This is the 13th day of my participation in the August More Text Challenge. For details, see:August is more challenging
Merge range
This is a set of intervals. A single interval is (intervals[I] = [start I, end I]). Combine all the overlapped intervals and return a nonoverlapping array of intervals that cover exactly all the intervals in the input.
For details, see the LeetCode official website.

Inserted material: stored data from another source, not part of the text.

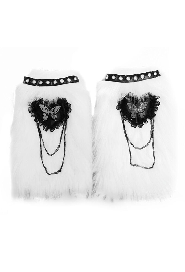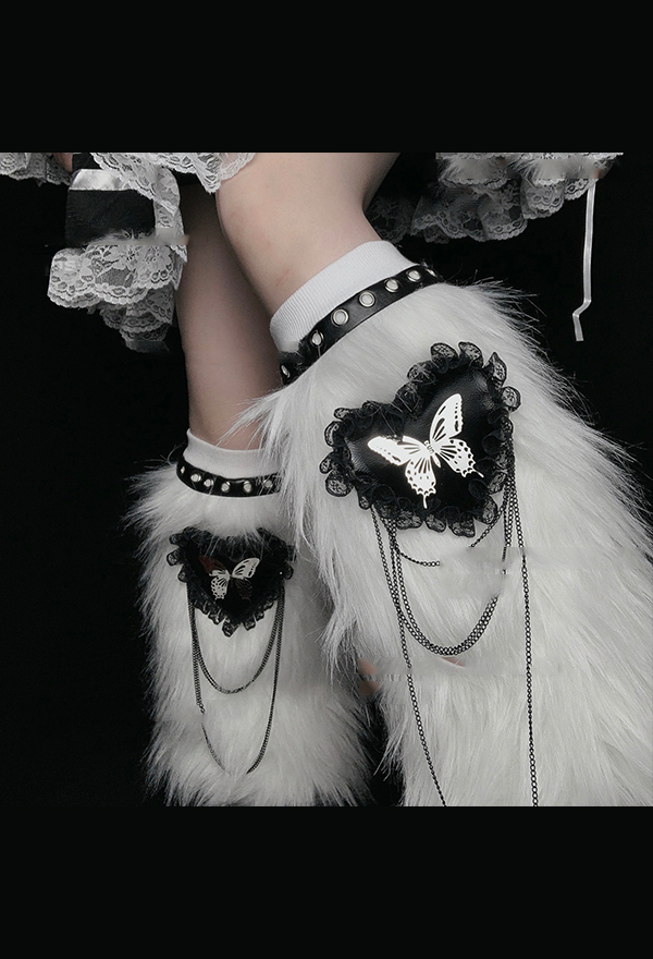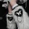Gothic Punk Harajuku Style Girls Women Plush Faux Fur Leg Warmers Lace Heart Butterfly Pendant Boots Cuff for Winter Autumn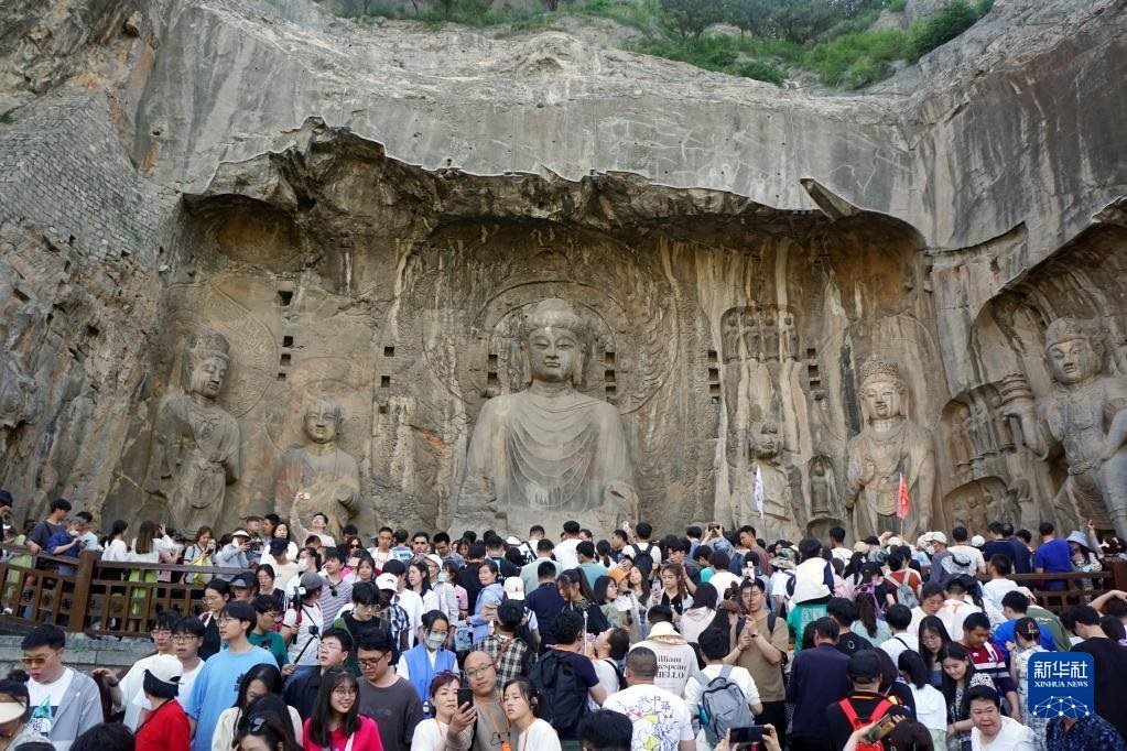 4月30日,游客在河南洛陽(yáng)龍門(mén)石窟景區(qū)游覽。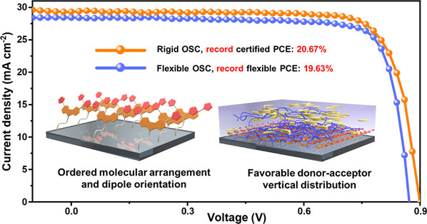 Abstract: Self-assembled monolayers (SAMs) based on carbazole with minimal parasitic absorption, such as the most widely used [2-(9H-carbazol-9-yl)ethyl]phosphonic acid (2PACz), dominate the high-performance hole transport layer (HTL) for conventional organic solar cells (OSCs). However, the small dipole moment of the 2PACz molecules results in weak molecular dipole–dipole interactions, leading to disordered dipole orientation and restricting work function modulation, which causes serious interfacial energy loss. Here, we grafted thiophene groups at both ends of the carbazole in 2PACz to obtain an SAM material (Th-Cz), which formed a transient resonance structure during thermal annealing, resulting in a twice-enlarged dipole moment. This strengthened molecular dipole–dipole interactions, facilitating ordered arrangement and dipole orientation of the Th-Cz film, contributing to a higher work function, which enhanced hole extraction and suppressed energy losses at the SAM/active layer interface. Additionally, van der Waals interactions between Th-Cz and the donors enabled the donor crystallizing before the acceptor, and this phenomenon is different from the cocrystallization observed in 2PACz-based active layers. This manipulation of crystallization dynamics favors vertical phase separation with a donor-rich phase at the bottom of active layers, leading to balanced charge-carrier mobilities. The resultant OSCs based on PM6:Y6 and D18-Cl:N3:AT-β2O with Th-Cz as HTL achieved power conversion efficiencies (PCEs) of 19.34% and 20.91% (certified 20.67%), respectively, setting a record PCE for the PM6:Y6-based OSCs and achieving the highest certified PCE for single-junction OSCs to date. Notably, Th-Cz also demonstrated exceptional compatibility with flexible OSCs, delivering a record PCE of 19.63%.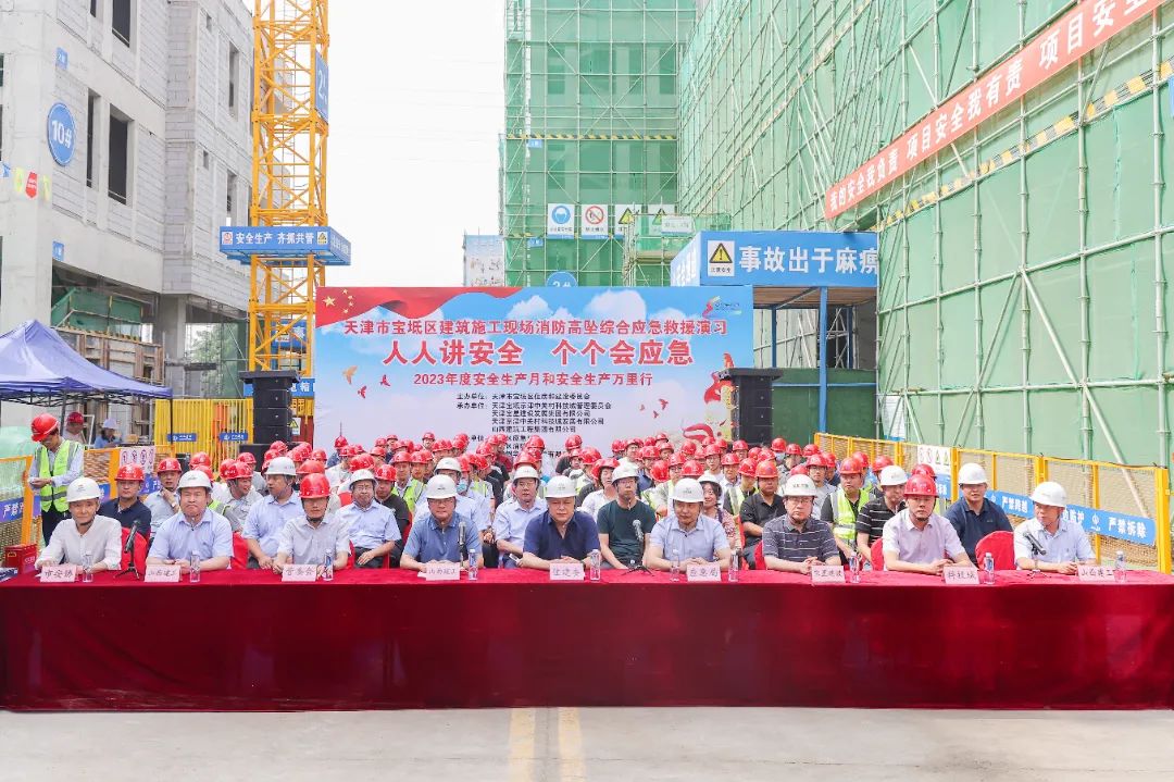 6月20日,天津市宝坻区2023年“安全生产月”建筑施工现场消防高坠综合应急救援演习观摩会在建工集团华北公司宝坻京津中关村科技城配套基础设施项目举办。

Source: LeetCode link: leetcode-cn.com/problems/me… Copyright belongs to collar network. Commercial reprint please contact the official authorization, non-commercial reprint please indicate the source.
Solution 1: recursion
The recursion process is as follows:
- If the intervals are empty or there is only one element, that is, there is only one interval, there is no need to merge, directly return the intervals;
- If there are more than 1 intervals, declare a variable that records the length of a dimension (that is, how many intervals there are), a variable called match records the number of intervals that do not need to be merged, and a variable called matchFirst and matchSecond records the two numbers of intervals that currently need to be matched. Then declare a Boolean array flag whether the intervals have been merged, and use a double loop to determine which intervals can be merged. The process is as follows:
- The outer loop I starts at the first interval, matchFirst and matchSecond record the two values of the interval corresponding to I and add match by 1;
- The inner loop j starts from the I +1 interval, curFirst and curSecond record the two values of the corresponding interval of J, and then use matchFirst, matchSecond, curFirst, and curSecond to judge whether there is an intersection between I and j. If there is an intersection, Then update the two numbers in the interval I, and update matchFirst and matchSecond, and mark the interval j to true, which means it has been merged; If there is no intersection, the next one is processed;
- After processing the double loop, judge whether match and length are equal. If they are equal, there is no interval that can be merged, and return intervals; If not, then a new two-dimensional array, newIntervals, is initialized, the intervals that have not been merged (to determine whether they have been merged according to the array of flags) are copied to newIntervals, and then called recursively
merge(newIntervals).
public class LeetCode_056 {
public static int[][] merge(int[][] intervals) {
if (intervals == null || intervals.length == 1) {
return intervals;
}
int length = intervals.length, match = 0, matchFirst, matchSecond;
boolean[] flag = new boolean[length];
for (int i = 0; i < length; i++) {
if(! flag[i]) { matchFirst = intervals[i][0];
matchSecond = intervals[i][1];
match++;
for (int j = i + 1; j < length && ! flag[j]; j++) {int curFirst = intervals[j][0], curSecond = intervals[j][1];
if (((matchFirst >= curFirst && matchFirst <= curSecond) || (matchSecond >= curFirst && matchSecond <= curSecond)) ||
((curFirst >= matchFirst && curFirst <= matchSecond) || (curSecond >= matchFirst && curSecond <= matchSecond))) {
/ / intersection
matchFirst = Math.min(matchFirst, curFirst);
matchSecond = Math.max(matchSecond, curSecond);
intervals[i][0] = matchFirst;
intervals[i][1] = matchSecond;
flag[j] = true; }}}}if (match == length) {
return intervals;
}
int[][] newIntervals = new int[match][2];
for (int i = 0, j = 0; i < length; i++) {
if (!flag[i]) {
newIntervals[j] = intervals[i];
j++;
}
}
return merge(newIntervals);
}
public static void main(String[] args) {
int[][] intervals = new int[] [] {{1.4}, {2.3}};
for (int[] ints : merge(intervals)) {
for (int anInt : ints) {
System.out.print(anInt + ""); } System.out.println(); }}}Copy the codeWhen you are not happy, you can eat a piece of candy, and then tell yourself life is still sweet, come on.